自然语言处理（七）：AG_NEWS新闻分类任务（TORCHTEXT）|电子爱好者

admin管理员组
文章数量:1593971

自然语言处理笔记总目录

关于新闻主题分类任务： 以一段新闻报道中的文本描述内容为输入，使用模型帮助我们判断它最有可能属于哪一种类型的新闻，这是典型的文本分类问题,，我们这里假定每种类型是互斥的，即文本描述有且只有一种类型

本案例取自Pytorch官网的：TEXT CLASSIFICATION WITH THE TORCHTEXT LIBRARY，在此基础上增加了完整的注释以及通俗的讲解

本案例分为以下九个步骤

Step 1：Access to the raw dataset iterators

AG_NEWS数据集介绍：

AG_NEWS：新闻语料库，包含4个大类新闻：World、Sports、Business、Sci/Tec。

AG_NEWS共包含120000条训练样本集（train.csv)， 7600测试样本数据集(test.csv)。每个类别分别拥有 30000 个训练样本及 1900 个测试样本。

import torch
from torchtext.datasets import AG_NEWS
train_iter = AG_NEWS(split='train')

返回的是一个训练集的迭代器，通过以下方法可以查看训练集的内容：

next(train_iter)
>>> (3, "Wall St.

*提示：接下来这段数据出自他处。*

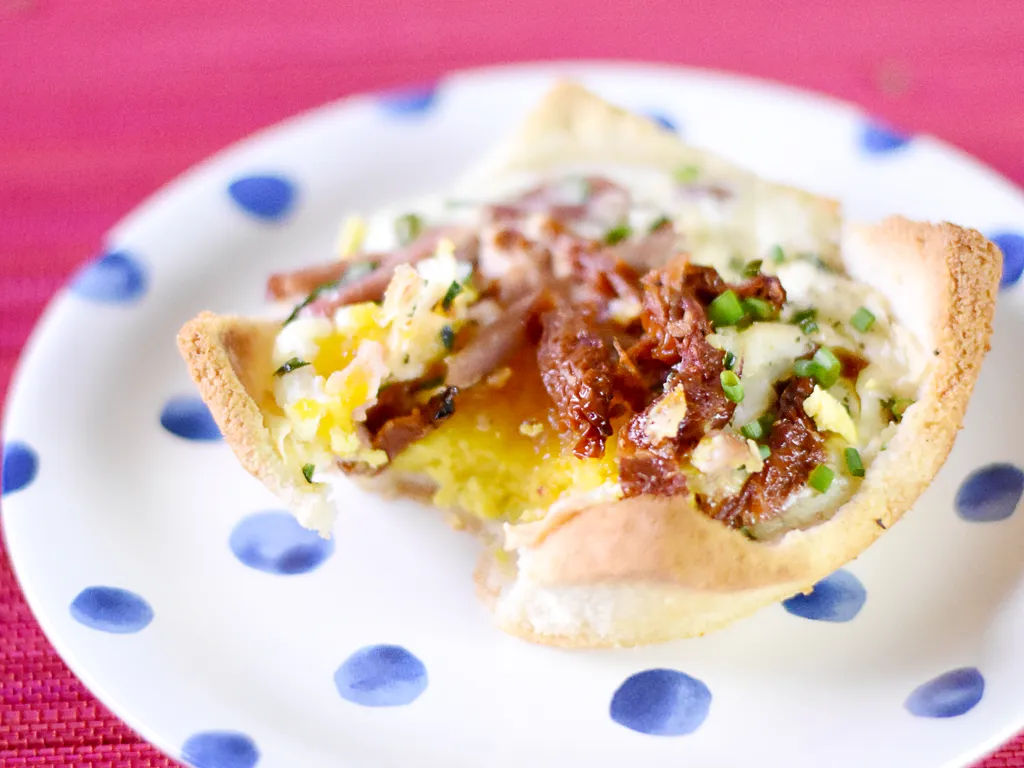 pain de mie, tomate séchée, crème fraîche, beurre, sel, poivre, oeuf, bacon, chèvre, ciboulette
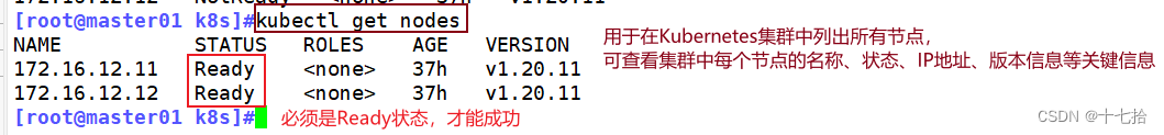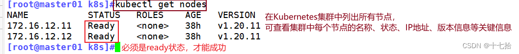 #用于在Kubernetes集群中列出所有节点,可查看集群中每个节点的名称、状态、IP地址、版本信息等关键信息

Bears Claw Back Into the Black (Reuters) Reuters -
Short-sellers, Wall Street's dwindling\\band of ultra-cynics, are seeing green
again.")

next(train_iter)
>>> (3, 'Carlyle Looks Toward Commercial Aerospace (Reuters) Reuters - Private
investment firm Carlyle Group,\\which has a reputation for making well-timed
and occasionally\\controversial plays in the defense industry, has quietly
placed\\its bets on another part of the market.')

Step 2：Prepare data processing pipelines

在训练之前，首先我们要处理新闻数据，对文本进行分词，构建词汇表vocab

使用get_tokenizer进行分词，同时build_vocab_from_iterator提供了使用迭代器构建词汇表的方法

from torchtext.data.utils import get_tokenizer
from torchtext.vocab import build_vocab_from_iterator

tokenizer = get_tokenizer('basic_english')	# 基本的英文分词器
train_iter = AG_NEWS(split='train')	# 训练数据迭代器

# 分词生成器
def yield_tokens(data_iter):
    for _, text in data_iter:
        yield tokenizer(text)

# 构建词汇表
vocab = build_vocab_from_iterator(yield_tokens(train_iter), specials=["<unk>"])
# 设置默认索引，当某个单词不在词汇表中，则返回0
vocab.set_default_index(vocab["<unk>"])

vocab(['here', 'is', 'an', 'example'])
>>> [475, 21, 30, 5286]
print(vocab(["haha", "hehe", "xixi"]))
>>> [0, 0, 0]

接下来使用分词器以及词汇表构建Pipeline

text_pipeline = lambda x: vocab(tokenizer(x))
label_pipeline = lambda x: int(x) - 1

text_pipeline('here is an example')
>>> [475, 21, 30, 5286]
label_pipeline('10')
>>> 9

Step 3：Generate data batch and iterator

from torch.utils.data import DataLoader
# 使用GPU
device = torch.device("cuda" if torch.cuda.is_available() else "cpu")

# 定义collate_batch函数，在DataLoader中会使用，对传入的样本数据进行批量处理
def collate_batch(batch):
	# 存放label以及text的列表，offses存放每条text的偏移量
    label_list, text_list, offsets = [], [], [0]
    for (_label, _text) in batch:
         label_list.append(label_pipeline(_label))
         processed_text = torch.tensor(text_pipeline(_text), dtype=torch.int64)
         text_list.append(processed_text)
         # 将每一条数据的长度放入offsets列表当中
         offsets.append(processed_text.size(0))
    label_list = torch.tensor(label_list, dtype=torch.int64)
    # 计算出每一条text的偏移量
    offsets = torch.tensor(offsets[:-1]).cumsum(dim=0)
    text_list = torch.cat(text_list)
    return label_list.to(device), text_list.to(device), offsets.to(device)

train_iter = AG_NEWS(split='train')
dataloader = DataLoader(train_iter, batch_size=8, shuffle=False, collate_fn=collate_batch)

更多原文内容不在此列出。